Olimpíada premia "atletas" da matemática

Alguém ai tem “atletas da matemática”? 
Meu #aos12 adoraria ter essa chance, pouco valorizada em escolas particulares. Mas o filho da minha ajudante, que tem a mesma idade, já participa há 2 anos.
🙂
A edição de 2014 da Olimpíada Brasileira de Matemática das Escolas Públicas mobilizou mais de 46 mil escolas.
A cerimônia que premiará os 501 estudantes brasileiros medalhistas de ouro da Olímpiada Brasileira de Matemática das Escolas Públicas (Obmep) edição 2014 deverá ocorrer no dia 20 de julho, no Teatro Nacional do Rio de Janeiro. A data foi proposta em reunião nesta quarta-feira (10) entre o ministro da Ciência, Tecnologia e Inovação, Aldo Rebelo, e o diretor do Instituto Nacional de Matemática Pura e Aplicada (Impa), César Camacho.
A proposta será apresentada ao Palácio do Planalto para avaliar a possibilidade da presidenta da República, Dilma Rousseff, participar da premiação. “A proposta é 20 de julho. E o MCTI, como já vem fazendo desde os outros anos, estará encarregado de levar essa data para o Palácio do Planalto, de maneira a contarmos com a Presidente da República”, afirmou César Camacho.
Na edição de 2014, a OBMEP contabilizou mais de 46 mil escolas na primeira fase e 41,3 mil escolas na segunda fase de inscrições. Entre os mais de 500 alunos vencedores há uma série de casos interessantes, entre eles o das irmãs trigêmeas de São Leopoldina, um município no interior do Espírito Santo, que conquistaram medalhas de ouro.
“Temos casos muito interessantes de cidades muito pequenas que conseguem alcançar o topo da qualificação em matemática. Desta vez, tivemos a premiação de trigêmeas de uma cidade chamada São Leopoldina, no interior do Espírito Santo, que ganharam, cada uma, uma medalha de ouro”, disse. “Isso é muito singular”.
Incentivo
Camacho acrescentou que a Obmep é mais do que uma maneira de selecionar e dar visibilidade a bons estudantes de todas as regiões do Brasil. Segundo ele, a olímpiada é também o mecanismo que faz com que o estudante “mude os rumos da sua vida”, que seja capaz de ascender socialmente.

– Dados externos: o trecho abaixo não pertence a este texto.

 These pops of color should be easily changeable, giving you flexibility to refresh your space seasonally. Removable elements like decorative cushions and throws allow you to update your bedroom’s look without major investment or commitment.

“Normalmente, o estudante de uma pequena cidade ou não sabe que é bom em matemática, ou sabe que é bom, mas apenas na sua escola, no entorno, então suas ambições são pautadas pela dimensão da sua cidade”, disse. “Quando um estudante recebe uma medalha da olímpiada ele fica sabendo que é bom a nível nacional”, afirmou.

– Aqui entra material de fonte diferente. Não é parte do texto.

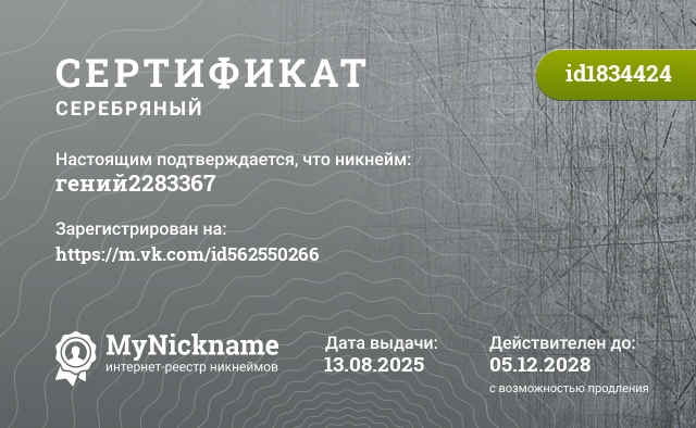 Никнейм гений2283367 зарегистрирован на https://m.vk.com/id562550266. Выдан сертификат id1834424. Дата выдачи 13.08.2025.
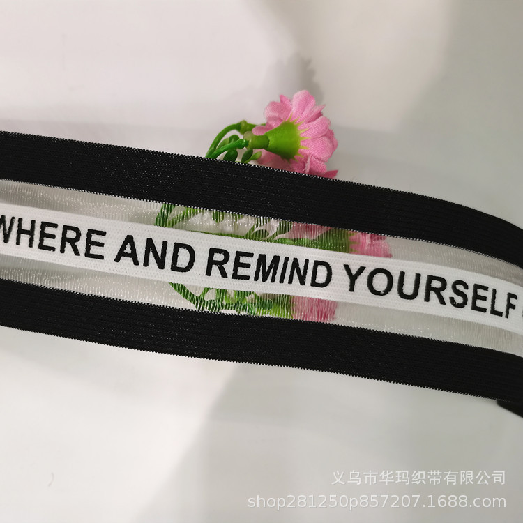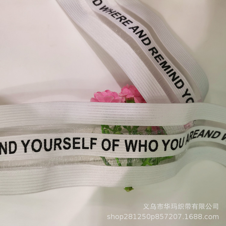 现货3排鱼丝印刷英文松紧带
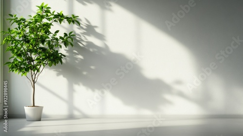 Empty Room With White Walls And Tree Shadows, Sunlight Warming The Space

Muitos alunos que participaram da Obmep estão hoje nas universidades brasileiras. “Estamos vendo centenas de estudantes que foram selecionados pela olímpiada fazendo cursos os mais diversos em universidades. Se não fosse a existência da Obmep, eles provavelmente não estariam na universidade. O resultado é espetacular”, disse.
Parcerias
Além da Obmep, o ministro e o diretor do Impa conversaram sobre uma série de projetos que visam uma aproximação maior em matemática entre o Brasil, os países da América do Sul, em particular Bolívia, Paraguai e Peru, e a África. “O ministro acrescentou a necessidade de estabelecermos vínculos mais estreitos, mais sólidos, com os países africanos, principalmente, de língua portuguesa”, disse Camacho.
“[Trata-se de] programas de apoio à matemática e ao seu desenvolvimento. Ficamos de desenhar projetos novos para estimular essas parcerias e estabelecer relações não somente em matemática, mas também em algumas áreas da física e nanotecnologia”, explicou.